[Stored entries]
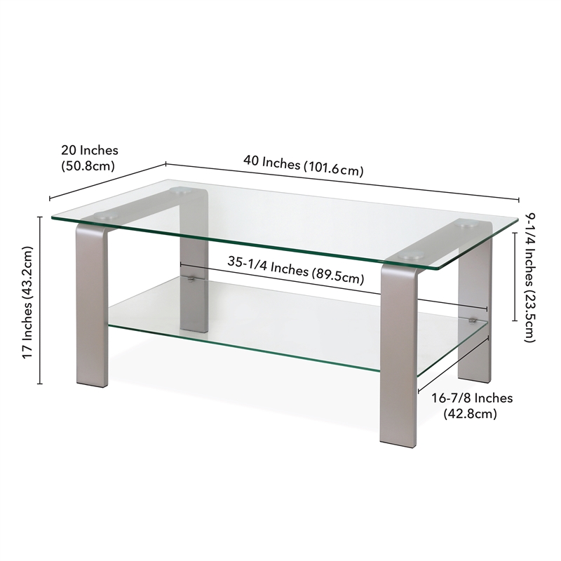 Henn Hart Metal 17 Glass And Nickel Gray Coffee Table Ct0095
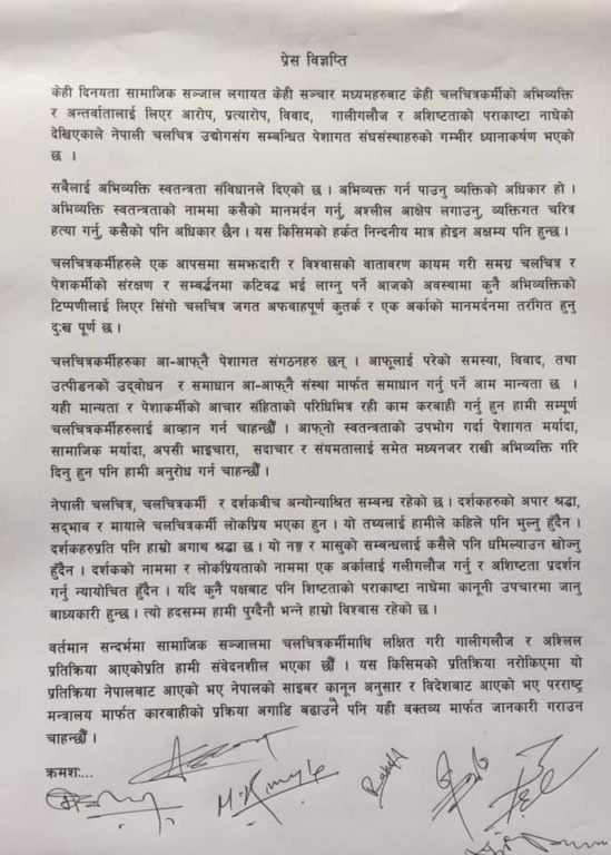 कुनै अभिव्यक्तिको टिप्पणीलाई लिएर सिंगो चलचित्र जगत अफवाहपूर्ण कुतर्क र एकअर्काको मानमर्दन हुनु दुस्खपूर्ण रहेको वक्तव्यमा उल्लेख गरिएको छ ।
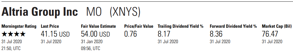 말보로로 유명한 필립모리스 인터내셔널 2008년에 알트리아(구 필립모리스)에서 분할되어서 나옴. 코로나바이러스 때문에 2020년 1, 2분기는 실적이 안 좋게 나오긴 했다. 그래서 아마도 2020년 예상 매출 및 수익을 저년 대비 낮게 잡은 듯.
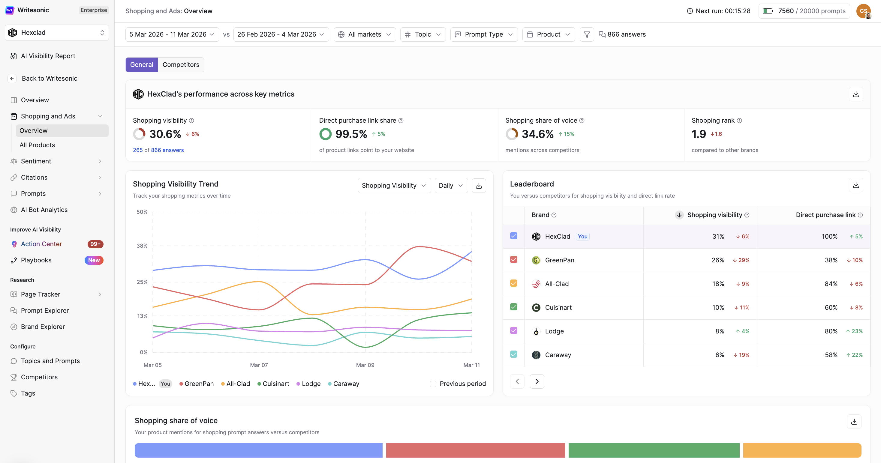 - Shopping Visibility — The brand’s overall shopping visibility percentage, with period-over-period change.
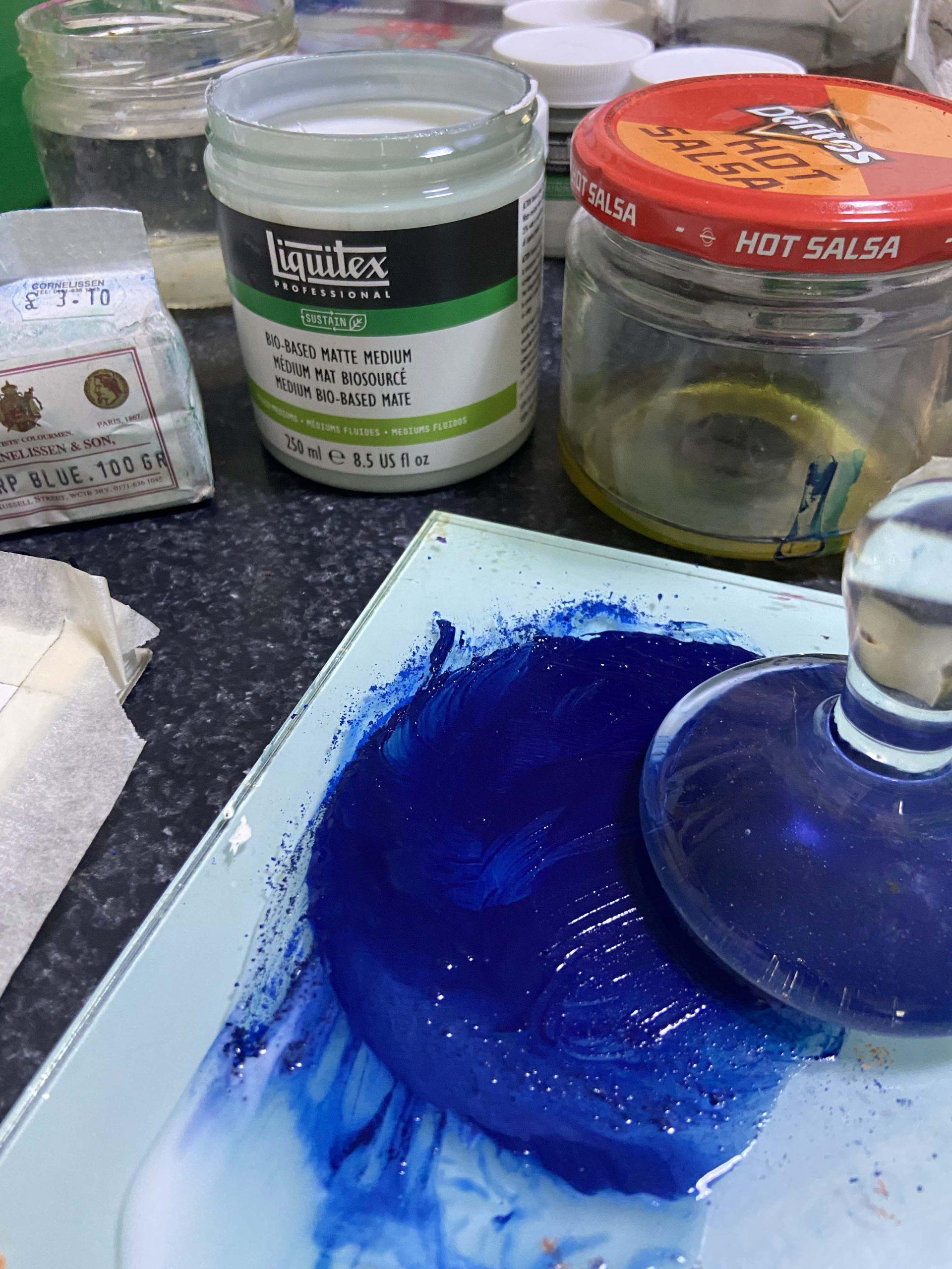 The pots are made from 100% recycled materials and are handy to repurpose for my homemade inks. The matte medium also mixed well with my powder pigments; so this is another alternative to using casein medium.
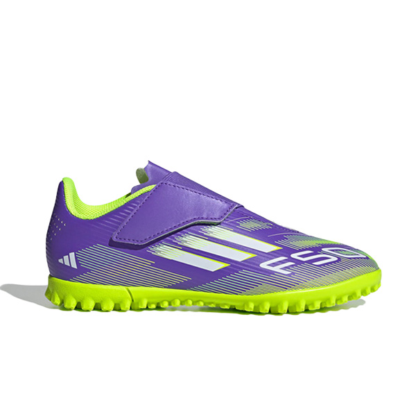 - Tacos de fútbol adidas F50 Club Vel TF para niños, diseñados para canchas de césped artificial corto.
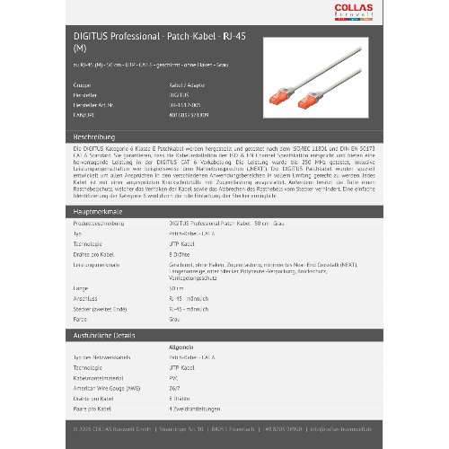 Jetzt anmeldenProduktinformationen "DIGITUS CAT 6 U/UTP Patchkabel"
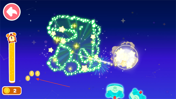 2、成功擊中球體后,球體會(huì)綻放出絢麗的光影效果,同時(shí)會(huì)掉落金幣,記得收集左側(cè)的金幣,金幣數(shù)量顯示在左下方如1。
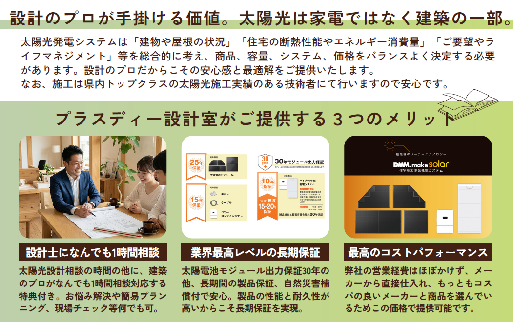 さらに、今だけ「プラスディー設計室への1時間無料相談」を特典として付けます。詳しくは下記に書きますが、新たな仕事を取ることが目的ではありません。色々と第三者の設計士に聞きたいこともあるかと思いますので、お客様の満足度向上のためのサービスを試してみることにしました。太陽光販売の話とは別に時間を設けますので、何でもご相談ください!

What to produce:
Print the data exactly as written, dropping any images it holds.

Reply:
 Henn Hart Metal 17 Glass And Nickel Gray Coffee Table Ct0095
 कुनै अभिव्यक्तिको टिप्पणीलाई लिएर सिंगो चलचित्र जगत अफवाहपूर्ण कुतर्क र एकअर्काको मानमर्दन हुनु दुस्खपूर्ण रहेको वक्तव्यमा उल्लेख गरिएको छ ।
 말보로로 유명한 필립모리스 인터내셔널 2008년에 알트리아(구 필립모리스)에서 분할되어서 나옴. 코로나바이러스 때문에 2020년 1, 2분기는 실적이 안 좋게 나오긴 했다. 그래서 아마도 2020년 예상 매출 및 수익을 저년 대비 낮게 잡은 듯.
 - Shopping Visibility — The brand’s overall shopping visibility percentage, with period-over-period change.
 The pots are made from 100% recycled materials and are handy to repurpose for my homemade inks. The matte medium also mixed well with my powder pigments; so this is another alternative to using casein medium.
 - Tacos de fútbol adidas F50 Club Vel TF para niños, diseñados para canchas de césped artificial corto.
 Jetzt anmeldenProduktinformationen "DIGITUS CAT 6 U/UTP Patchkabel"
 2、成功擊中球體后,球體會(huì)綻放出絢麗的光影效果,同時(shí)會(huì)掉落金幣,記得收集左側(cè)的金幣,金幣數(shù)量顯示在左下方如1。
 さらに、今だけ「プラスディー設計室への1時間無料相談」を特典として付けます。詳しくは下記に書きますが、新たな仕事を取ることが目的ではありません。色々と第三者の設計士に聞きたいこともあるかと思いますので、お客様の満足度向上のためのサービスを試してみることにしました。太陽光販売の話とは別に時間を設けますので、何でもご相談ください!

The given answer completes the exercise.